O trânsito cada dia mais frequente do Supremo Tribunal Federal (STF) por pautas que, em essência, seriam do Poder Legislativo e o chamado presidencialismo de coalizão, que estreita os laços entre o Parlamento e o Executivo, têm sido motivo de controvérsia nos bastidores da política brasileira. Se, na teoria, aprendemos que os Três Poderes são independentes, na prática, observamos que a realidade é bem diferente.
“A tripartição de Poderes, segundo a qual o Executivo administra, o Legislativo legisla e o Judiciário julga, hoje é só uma lenda”, dispara o jurista José Paulo Cavalcanti.
Em maio deste ano, por 7 votos a 4, o STF restringiu o alcance do foro privilegiado de deputados e senadores. Com a decisão, a prerrogativa de foro só deve ser aplicada se o parlamentar cometer crimes no exercício do cargo e se estes estiverem relacionados às respectivas funções. Por haver diversas Propostas de Emenda à Constituição (PECs) relacionadas ao tema – travadas tanto na Câmara quanto no Senado por conta da intervenção federal no Rio de Janeiro, que impede a tramitação deste tipo de proposição no Congresso –, a Corte foi questionada se seria sua competência decidir sobre esse assunto. E não é a primeira vez que isso ocorre.

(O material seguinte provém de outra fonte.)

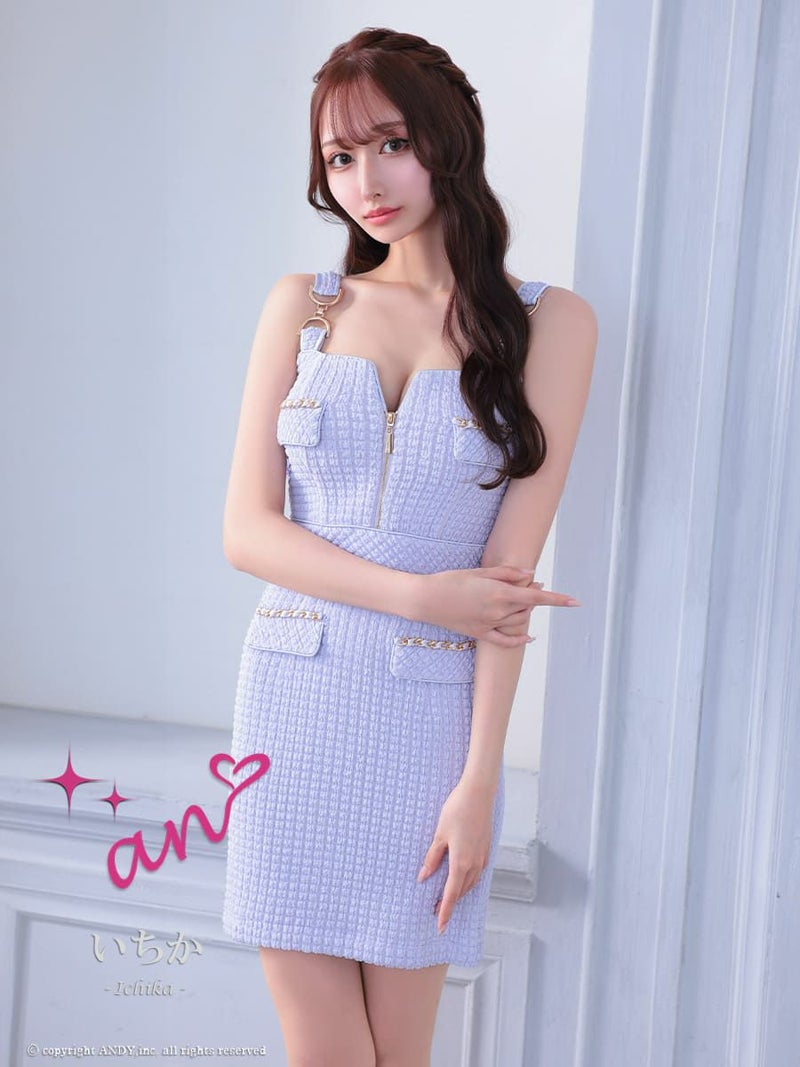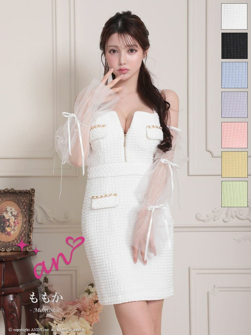 ゴールドのフックが大人っぽい★ [an/アン] 高級 ノースリーブ 長袖 リボン レース ポケット ジップデザイン 谷間魅せ タイトミニドレス

“A função do Judiciário não é de retirar direitos, mas de garantir direitos, então na hora em que o Supremo toma decisões como, por exemplo, a união civil das pessoas do mesmo sexo, aí ele não está extrapolando (sua competência), ele está garantindo direitos em razão de uma inércia do Legislativo. Mas na hora em que o Judiciário atua num processo de desconstrução de direitos já garantidos pela Constituição, como o princípio da presunção da inocência, a meu ver, ele está em um processo que eu chamo de ‘desconstituinte’”, afirma o advogado e professor da Universidade Católica de Pernambuco (Unicap) Marcelo Labanca.

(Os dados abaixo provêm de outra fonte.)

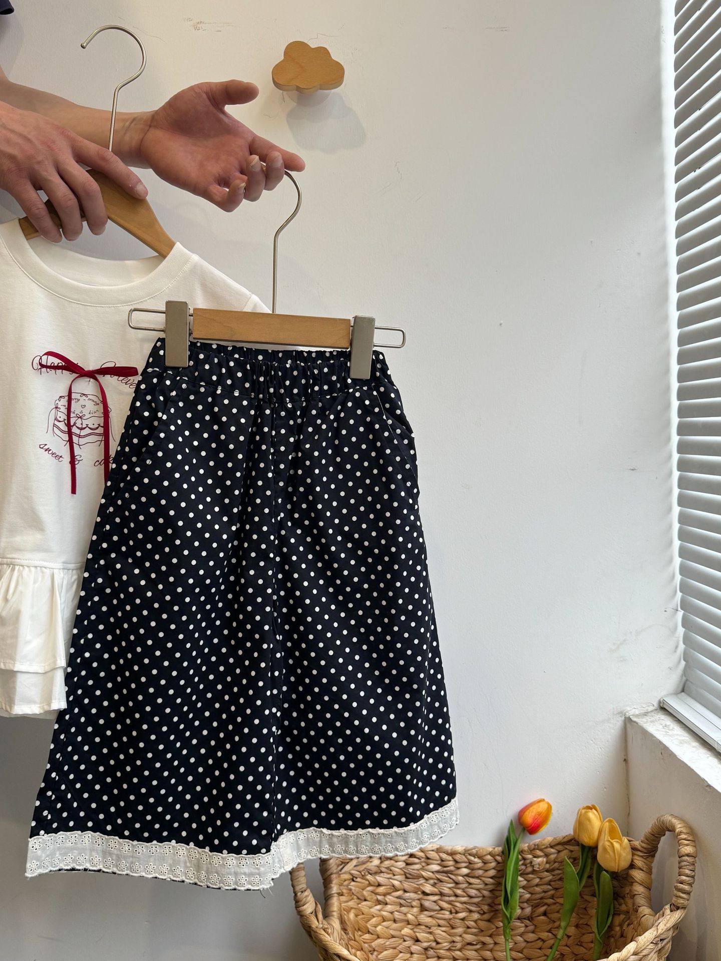 2025秋季中大女童拼接蕾丝花边牛仔裤中裤长裤设计感喇叭裤阔腿裤

Ainda de acordo com o docente, há diversas razões que podem justificar a mudança de postura da Corte nos últimos anos, mas ele ressalta que a desconfiança geral da população em relação à classe política pode ter encorajado os ministros do STF a abraçarem temas que antes não recebiam essa atenção da Suprema Corte do País.

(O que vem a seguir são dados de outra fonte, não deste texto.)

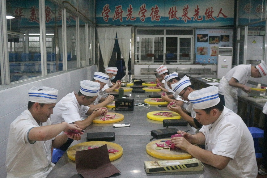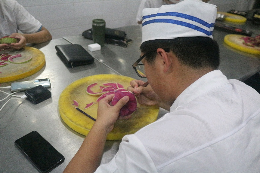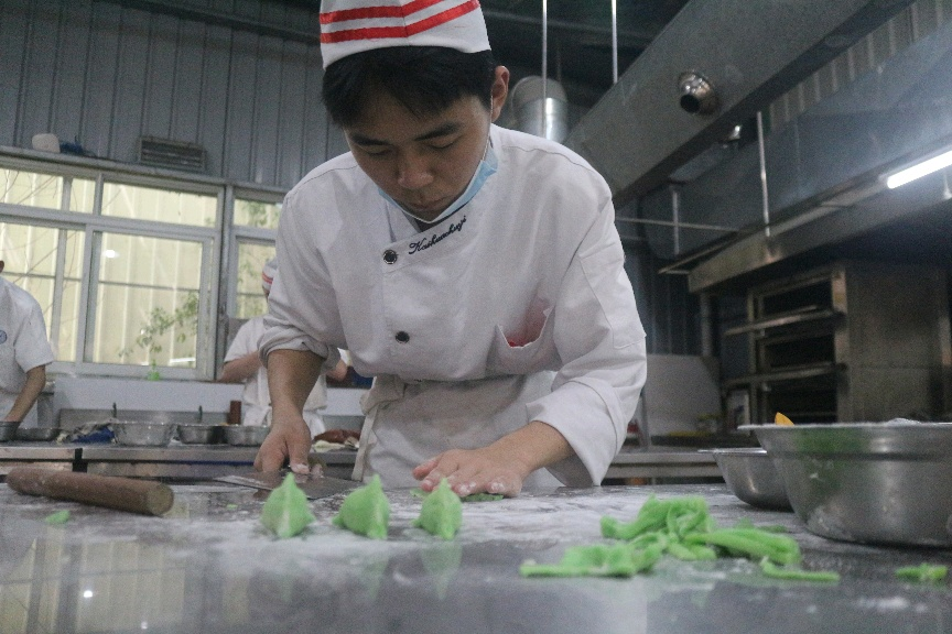 选手手中的刀飞快地挥舞,只为做出一道佳肴,手中的调味料,调出不一样的滋味,此次热菜比赛重点考核同学们菜品制作过程中刀工、加工、火候等厨艺基本功。

“Um vácuo de poder se criou em relação ao Legislativo devido à desconfiança geral da sociedade em relação à atuação do parlamentar. Então é como se o Judiciário estivesse tomando mais a frente nesse processo e, a partir daí, começasse a ditar as suas próprias regras, que não são as regras da Constituição”, conclui Labanca.
O modo como o Executivo negocia acordos com o Legislativo em prol do encaminhamento ou aprovação de proposições e processos de seu interesse também tem sido amplamente discutido no meio político. Um exemplo recente foi a mobilização empregada pelo presidente Michel Temer (MDB), em 2017, para barrar duas denúncias da Procuradoria-Geral da República (PGR), em relação ao caso J&F, na Câmara dos Deputados. Bilhões em emendas parlamentares foram distribuídos e ambas as denúncias não foram aceitas pelos parlamentares.
“Nós temos hoje um parlamento muito fortalecido por partidos políticos que não têm nenhuma identidade que não seja os seus próprios interesses e condiciona enormemente a agenda do Poder Executivo. Basta ver que as principais agendas do Poder Executivo, nesse último ano e meio, foram, literalmente, postergadas, vetadas pelo Congresso ou o presidente Temer teve que retirar da pauta”, analisa o cientista político Eduardo Grin.